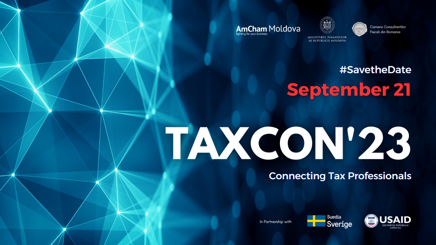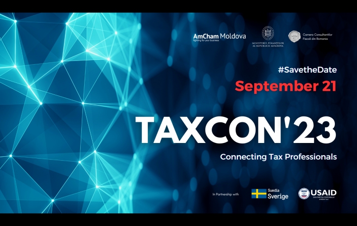 Camera de Comerț Americană din Moldova​ (AmCham Moldova), în parteneriat cu Ministerul Finanțelor al Republicii Moldova și Camera Consultanților Fiscali din România, va desfășura pe 21 septembrie la Chișinău cea de-a patra ediție a conferinței fiscale „TAXCON'23”.
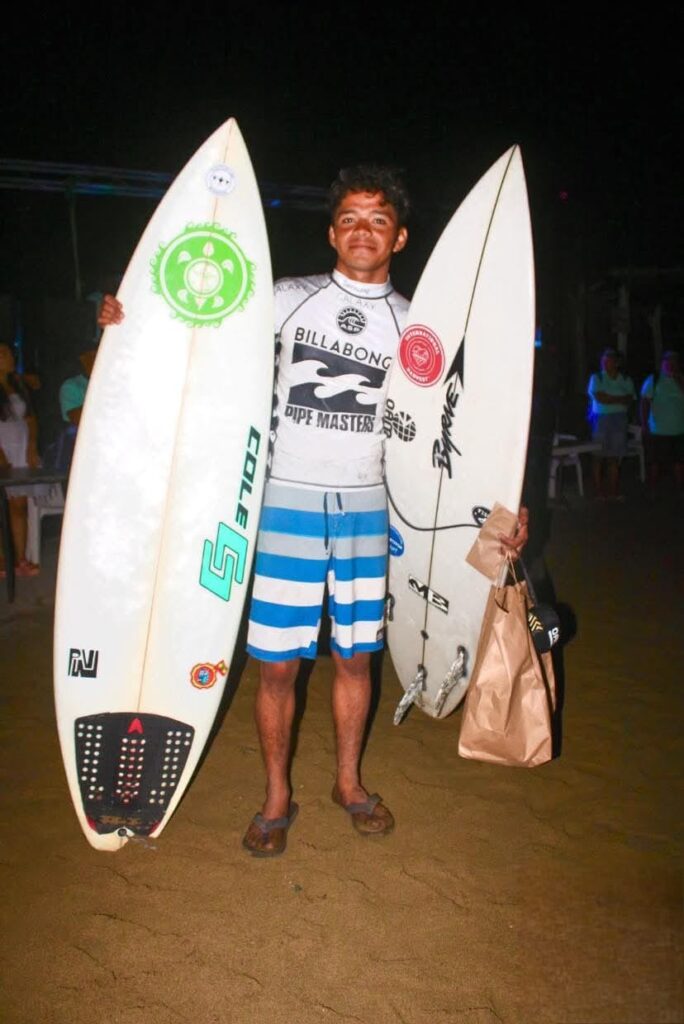 Aquila, Michoacán.- Francisco Carreón Arroyo, estudiante del plantel Colola del Colegio de Estudios Científicos y Tecnológicos del Estado de Michoacán (Cecytem) ganó primer lugar en la categoría local, en el Torneo de Surf “La Ticla” que se realizó el día de ayer 19 de abril en Aquila.
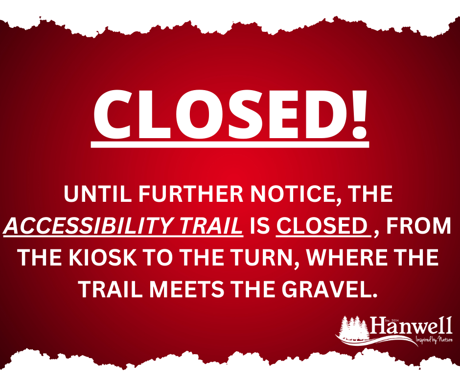 Portion of Accessibility Trail Closed Until Further Notice-Effective Friday, May 12th, 2023.
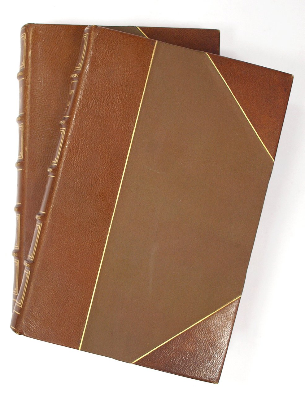В двух современных полукожаных переплетах, с декоративным тиснением по корешку и крышкам, золоченые головки обрезов. В очень хорошем состоянии, минимальные потертости уголков переплета, лисьи пятна.
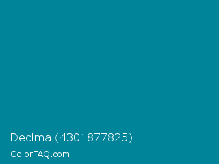 Decimal 4301877825 Color is a dark cyan color and the nearest color is CG Blue #007aa5. Hex code #008499 and RGB value is rgb(0,132,153). In RGB color space, this color is composed of 0% red, 52% green, 60% blue, In CMYK color space, this color is composed of 100% cyan, 14% magenta, 0% yellow , 40% black , In HSL color space, this color has a hue angle of 188° , 100% saturation and 30% lightness.
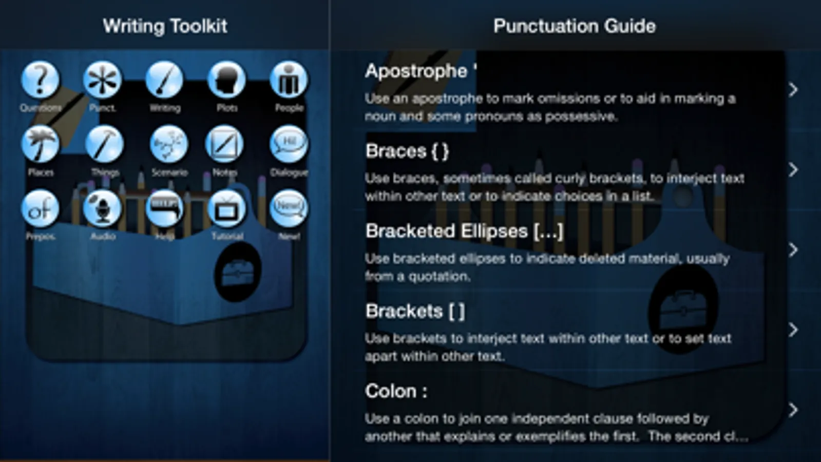 Welcome to Writing Toolkit! This application is intended for writers of all genres; fiction, nonfiction, technical and more! This app will help spark your creative fires whether you are an savvy writing veteran or a wet-behind the ears newbie. This app is for you!
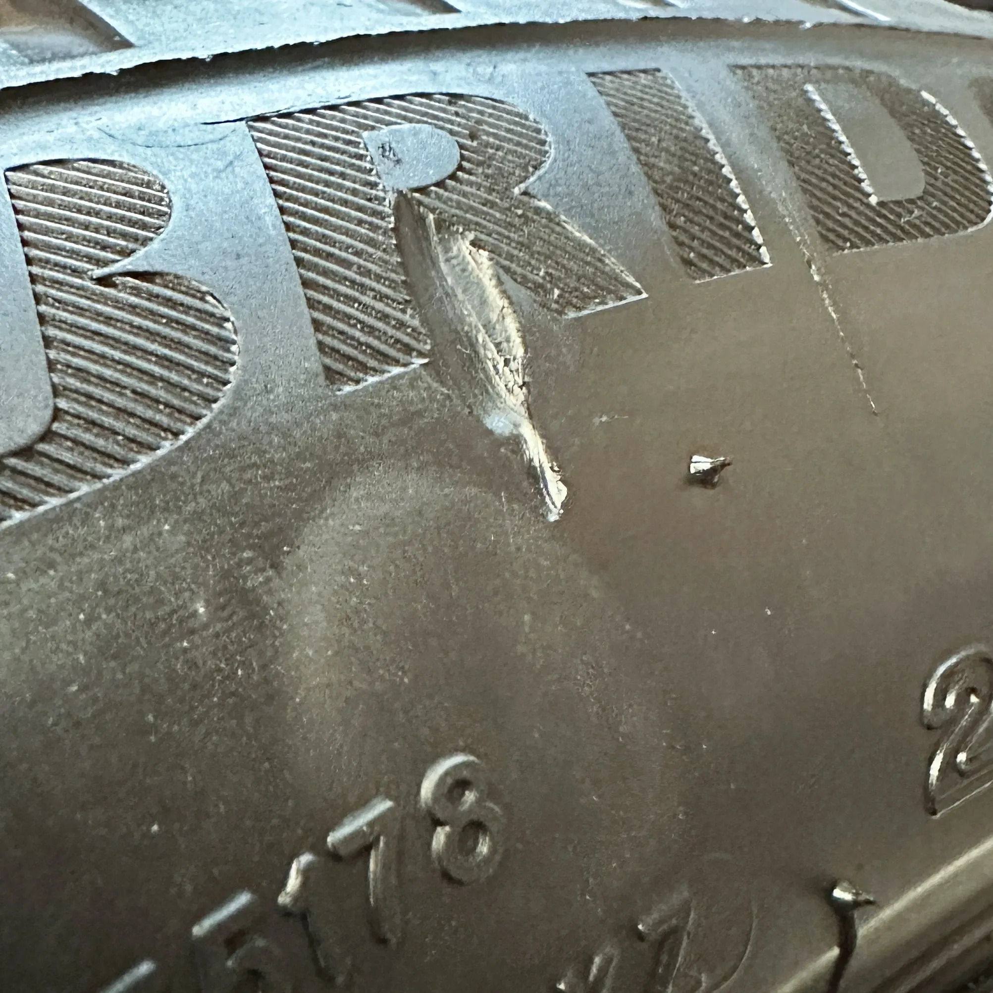 Ein Reifen hat eine kleine Beschädigungen.

■ ■ ■ ■ ■

**What you are asked to do:** The reply is to be all the records above, transcribed exactly, with no pictures.

**Task response:**
 Camera de Comerț Americană din Moldova​ (AmCham Moldova), în parteneriat cu Ministerul Finanțelor al Republicii Moldova și Camera Consultanților Fiscali din România, va desfășura pe 21 septembrie la Chișinău cea de-a patra ediție a conferinței fiscale „TAXCON'23”.
 Aquila, Michoacán.- Francisco Carreón Arroyo, estudiante del plantel Colola del Colegio de Estudios Científicos y Tecnológicos del Estado de Michoacán (Cecytem) ganó primer lugar en la categoría local, en el Torneo de Surf “La Ticla” que se realizó el día de ayer 19 de abril en Aquila.
 Portion of Accessibility Trail Closed Until Further Notice-Effective Friday, May 12th, 2023.
В двух современных полукожаных переплетах, с декоративным тиснением по корешку и крышкам, золоченые головки обрезов. В очень хорошем состоянии, минимальные потертости уголков переплета, лисьи пятна.
 Decimal 4301877825 Color is a dark cyan color and the nearest color is CG Blue #007aa5. Hex code #008499 and RGB value is rgb(0,132,153). In RGB color space, this color is composed of 0% red, 52% green, 60% blue, In CMYK color space, this color is composed of 100% cyan, 14% magenta, 0% yellow , 40% black , In HSL color space, this color has a hue angle of 188° , 100% saturation and 30% lightness.
 Welcome to Writing Toolkit! This application is intended for writers of all genres; fiction, nonfiction, technical and more! This app will help spark your creative fires whether you are an savvy writing veteran or a wet-behind the ears newbie. This app is for you!
 Ein Reifen hat eine kleine Beschädigungen.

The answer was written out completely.